Out of the material that follows, write out exactly the lines from the line with "엇갈린 반도체 대장주" to the line with "December 8, 1941", both ends included, and no others.

- _Working data_
##############################

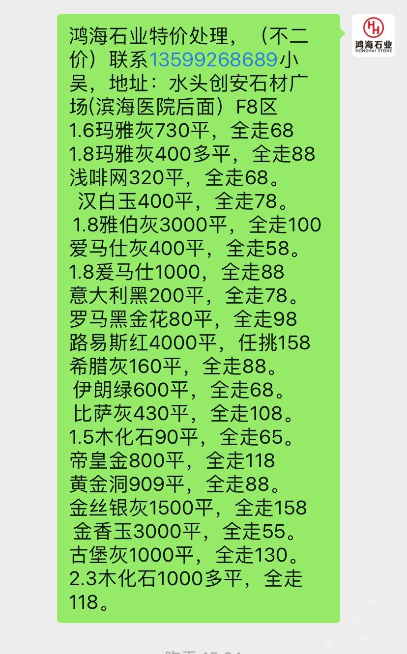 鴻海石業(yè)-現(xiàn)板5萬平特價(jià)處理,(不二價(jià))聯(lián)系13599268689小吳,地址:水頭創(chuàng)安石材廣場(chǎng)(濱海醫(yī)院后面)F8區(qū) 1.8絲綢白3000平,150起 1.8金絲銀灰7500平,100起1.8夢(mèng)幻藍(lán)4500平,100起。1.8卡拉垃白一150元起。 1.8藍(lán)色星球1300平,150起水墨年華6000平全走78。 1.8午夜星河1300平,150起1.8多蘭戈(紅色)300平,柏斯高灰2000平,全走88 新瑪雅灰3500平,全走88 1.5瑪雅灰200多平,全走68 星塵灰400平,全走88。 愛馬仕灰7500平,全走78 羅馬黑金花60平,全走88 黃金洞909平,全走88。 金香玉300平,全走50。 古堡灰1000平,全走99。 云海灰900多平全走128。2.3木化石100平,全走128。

##############################

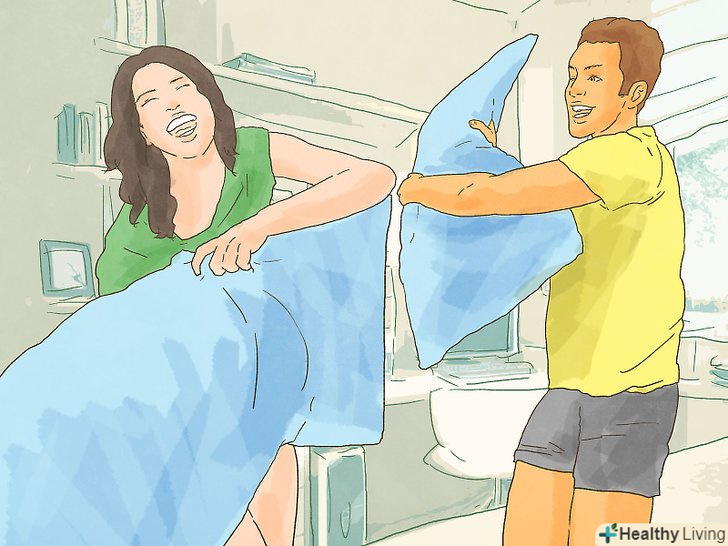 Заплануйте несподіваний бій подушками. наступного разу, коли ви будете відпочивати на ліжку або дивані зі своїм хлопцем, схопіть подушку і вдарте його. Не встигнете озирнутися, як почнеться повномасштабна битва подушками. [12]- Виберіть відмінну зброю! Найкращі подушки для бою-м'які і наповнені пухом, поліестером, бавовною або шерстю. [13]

##############################

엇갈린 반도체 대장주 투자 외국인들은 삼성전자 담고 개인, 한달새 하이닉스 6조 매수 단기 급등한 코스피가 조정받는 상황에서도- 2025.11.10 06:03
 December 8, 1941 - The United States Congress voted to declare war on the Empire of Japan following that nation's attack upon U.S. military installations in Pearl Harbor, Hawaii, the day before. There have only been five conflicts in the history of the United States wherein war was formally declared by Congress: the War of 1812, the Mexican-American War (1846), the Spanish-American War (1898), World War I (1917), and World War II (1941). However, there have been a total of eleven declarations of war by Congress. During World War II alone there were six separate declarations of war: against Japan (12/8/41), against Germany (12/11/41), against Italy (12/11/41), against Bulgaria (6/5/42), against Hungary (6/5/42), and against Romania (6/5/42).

##############################

- _Solution for this exercise_
엇갈린 반도체 대장주 투자 외국인들은 삼성전자 담고 개인, 한달새 하이닉스 6조 매수 단기 급등한 코스피가 조정받는 상황에서도- 2025.11.10 06:03
 December 8, 1941 - The United States Congress voted to declare war on the Empire of Japan following that nation's attack upon U.S. military installations in Pearl Harbor, Hawaii, the day before. There have only been five conflicts in the history of the United States wherein war was formally declared by Congress: the War of 1812, the Mexican-American War (1846), the Spanish-American War (1898), World War I (1917), and World War II (1941). However, there have been a total of eleven declarations of war by Congress. During World War II alone there were six separate declarations of war: against Japan (12/8/41), against Germany (12/11/41), against Italy (12/11/41), against Bulgaria (6/5/42), against Hungary (6/5/42), and against Romania (6/5/42).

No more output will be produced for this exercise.